Elution kinetics of aldehydes from GAP was analyzed by incubating 2.8 cm2/mL of GAP in PBS in a continuously stirred tank under 600 rpm and orbital amplitude of 10 mm. At specified time points (0, 0.1, 0.5, 3, 24, 72h), supernatant was replaced with PBS to eliminate free aldehydes. Patches (n=5) were extracted from the tank and stored at −20°C for further analysis. Transient elution and remaining tissue-bound aldehydes were quantified using enzymatic ALDH-based assay described below.

Glutaraldehyde cytotoxicity.

The lethal concentration 50 (LC50) of HAEC, human aortic smooth muscle cells (HASMC, ATCC) and the monocyte cell line THP-1 to soluble glutaraldehyde was analyzed by seeding 104 cells/cm2 in 96 well plates (monocytes differentiated to macrophages with phorbol myristate acetate; 20 ng/mL). After 2 days, non-adherent cells were removed, and increasing concentrations of GA 0-400 μM were added to the cell culture medium (with or without high-glucose concentration; 25mM). Cell viability was quantified after 48h using MTS (Promega®). Unfixed, viable and 1% saponin-lysed cells (10 min) served as controls.
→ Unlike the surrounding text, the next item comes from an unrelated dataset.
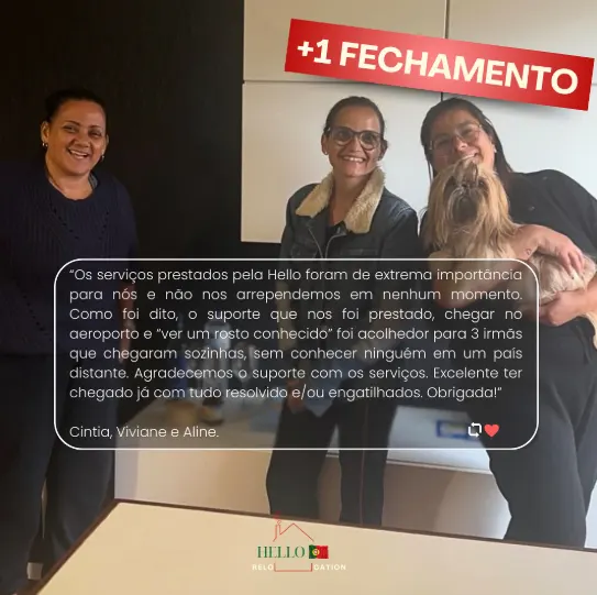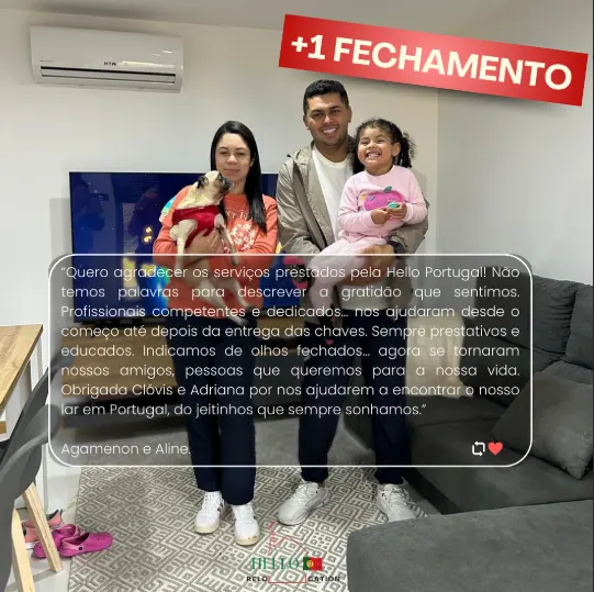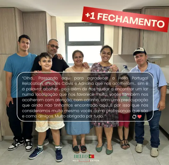 "Gostaríamos de agradecer pelo excelente trabalho da Hello Portugal, Clóvis e Adriana, desde o início foram super prestativos, atenciosos e cuidaram de cada detalhe do processo. A dedicação e o profissionalismo fizeram toda a diferença e transformaram algo que poderia ser complicado numa experiência tranquila e positiva. A ajuda na procura por um lar foi essencial para que nos sentíssemos acolhidos e seguros nessa nova fase. Recomendamos de olhos fechados e estamos muito felizes com todo o apoio que recebemos. Agradecemos por tornarem essa etapa tão especial e acolhedora!"
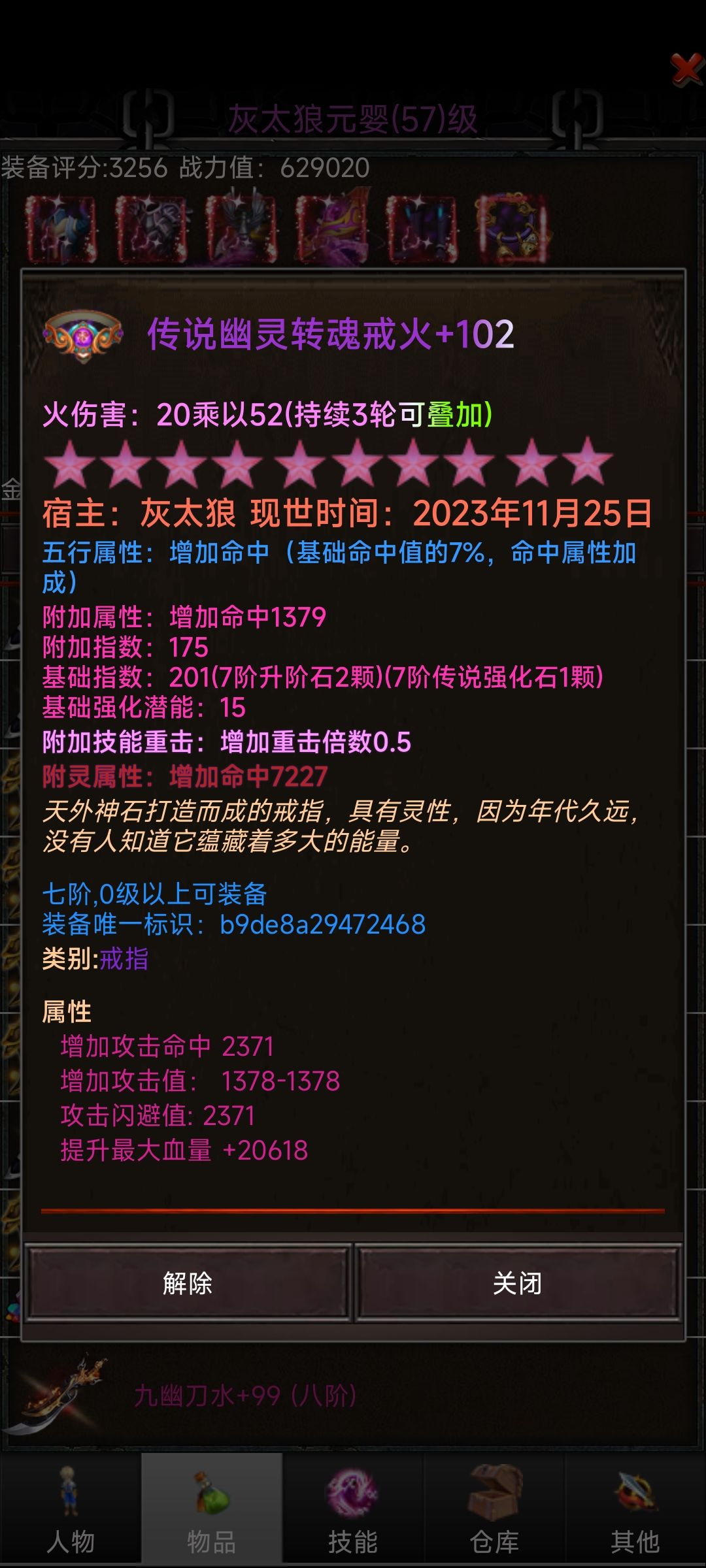4 关于装备 这里主要说十阶之前的装备,首先装备名后面的数值越高,装备附灵属性值范围越高,为什么说是范围,你们拿图6对比图7就知道了,103的比102的附灵还低几十命中,阶数越高可能范围波动越大。

Chemical Detoxification of GAP.

GAP was chemically detoxified by reducing aldehydes to alcohols (GAPH) via three washes of 5 min in saline followed by 12h incubation in 100 mM Sodium borohydride (Sigma-Aldrich®), and 100 mM phosphate buffer (pH=7) as previously described (23). Tissues were washed three times for 15 min in PBS with 1 % penicillin/streptomycin (Lonza®) prior to use.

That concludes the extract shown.